**WHAT YOU WILL DO:**
Please reproduce all the data exactly as written and omit the pictures.

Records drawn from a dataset

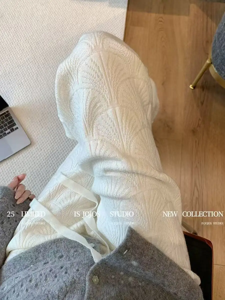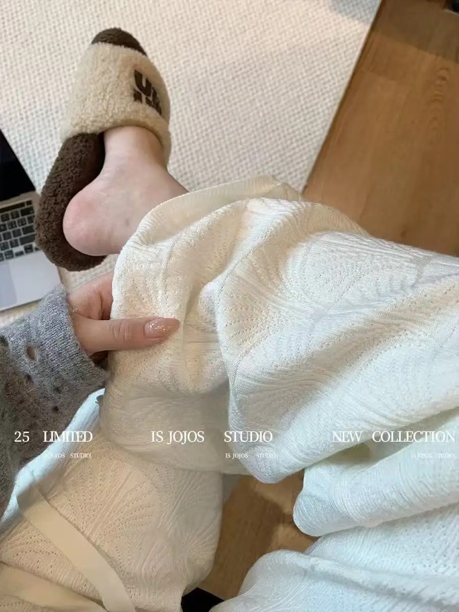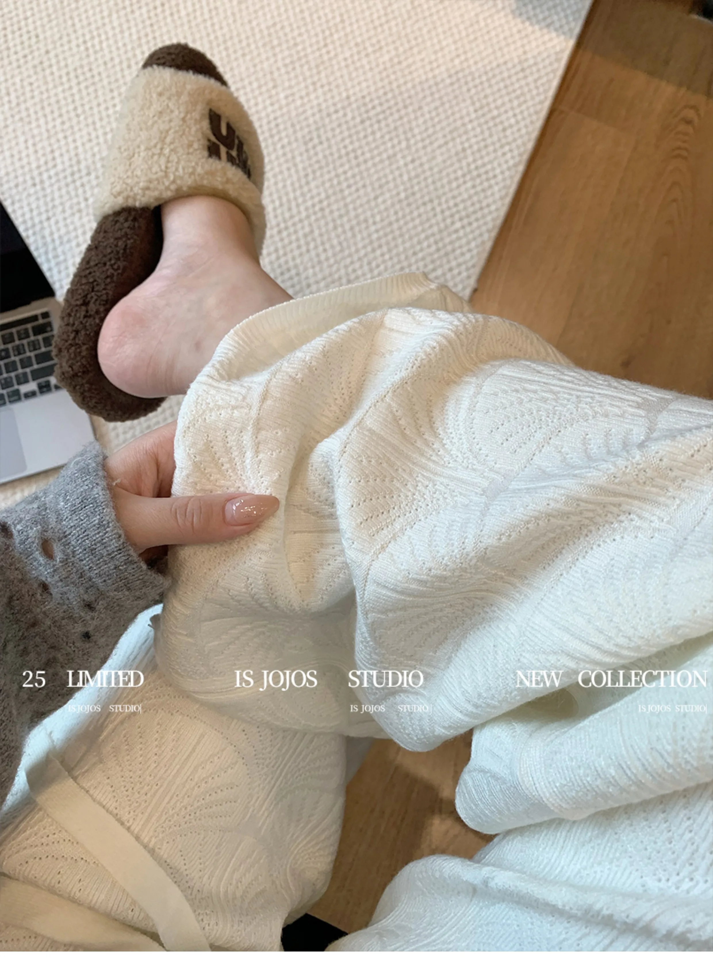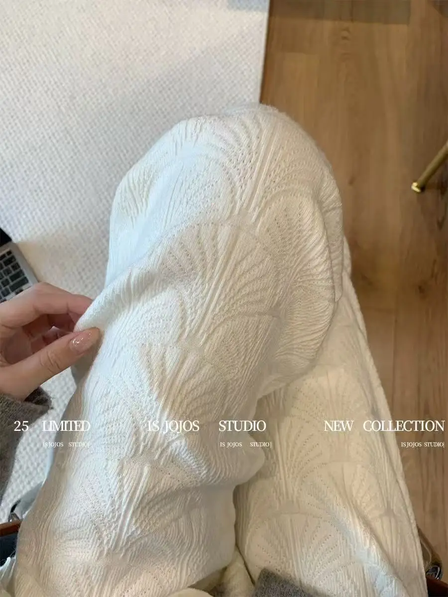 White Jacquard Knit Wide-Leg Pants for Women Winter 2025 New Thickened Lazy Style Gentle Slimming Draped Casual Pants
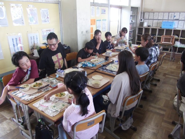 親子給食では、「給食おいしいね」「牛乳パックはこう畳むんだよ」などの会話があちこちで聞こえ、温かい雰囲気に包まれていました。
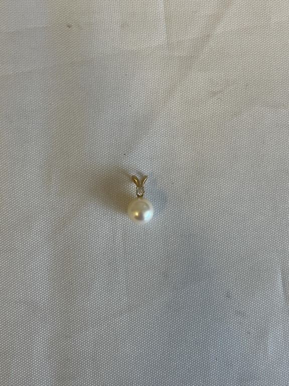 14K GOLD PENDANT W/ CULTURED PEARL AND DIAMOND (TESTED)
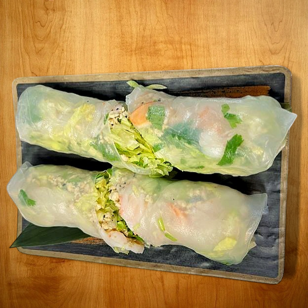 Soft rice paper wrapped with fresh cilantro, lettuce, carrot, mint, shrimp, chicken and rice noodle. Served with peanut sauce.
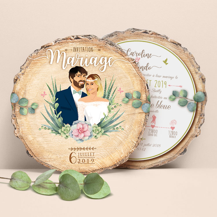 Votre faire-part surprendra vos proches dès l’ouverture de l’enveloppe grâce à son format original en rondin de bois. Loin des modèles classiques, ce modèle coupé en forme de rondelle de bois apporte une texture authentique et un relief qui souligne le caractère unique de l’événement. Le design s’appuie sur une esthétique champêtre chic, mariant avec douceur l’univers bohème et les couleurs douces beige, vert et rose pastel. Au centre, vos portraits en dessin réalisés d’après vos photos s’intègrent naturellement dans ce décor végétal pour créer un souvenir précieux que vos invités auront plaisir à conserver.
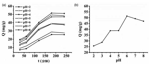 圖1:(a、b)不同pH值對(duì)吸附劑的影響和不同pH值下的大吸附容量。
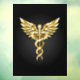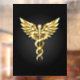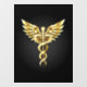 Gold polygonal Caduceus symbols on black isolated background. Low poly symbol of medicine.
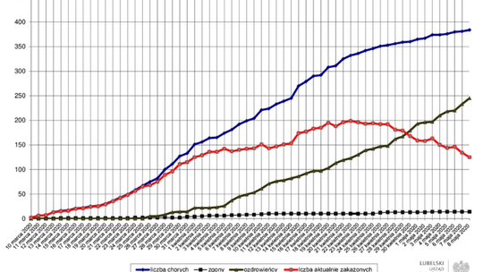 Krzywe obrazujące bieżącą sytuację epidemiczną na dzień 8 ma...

**ANSWER SECTION:**
 White Jacquard Knit Wide-Leg Pants for Women Winter 2025 New Thickened Lazy Style Gentle Slimming Draped Casual Pants
 親子給食では、「給食おいしいね」「牛乳パックはこう畳むんだよ」などの会話があちこちで聞こえ、温かい雰囲気に包まれていました。
 14K GOLD PENDANT W/ CULTURED PEARL AND DIAMOND (TESTED)
 Soft rice paper wrapped with fresh cilantro, lettuce, carrot, mint, shrimp, chicken and rice noodle. Served with peanut sauce.
 Votre faire-part surprendra vos proches dès l’ouverture de l’enveloppe grâce à son format original en rondin de bois. Loin des modèles classiques, ce modèle coupé en forme de rondelle de bois apporte une texture authentique et un relief qui souligne le caractère unique de l’événement. Le design s’appuie sur une esthétique champêtre chic, mariant avec douceur l’univers bohème et les couleurs douces beige, vert et rose pastel. Au centre, vos portraits en dessin réalisés d’après vos photos s’intègrent naturellement dans ce décor végétal pour créer un souvenir précieux que vos invités auront plaisir à conserver.
 圖1:(a、b)不同pH值對(duì)吸附劑的影響和不同pH值下的大吸附容量。
 Gold polygonal Caduceus symbols on black isolated background. Low poly symbol of medicine.
 Krzywe obrazujące bieżącą sytuację epidemiczną na dzień 8 ma...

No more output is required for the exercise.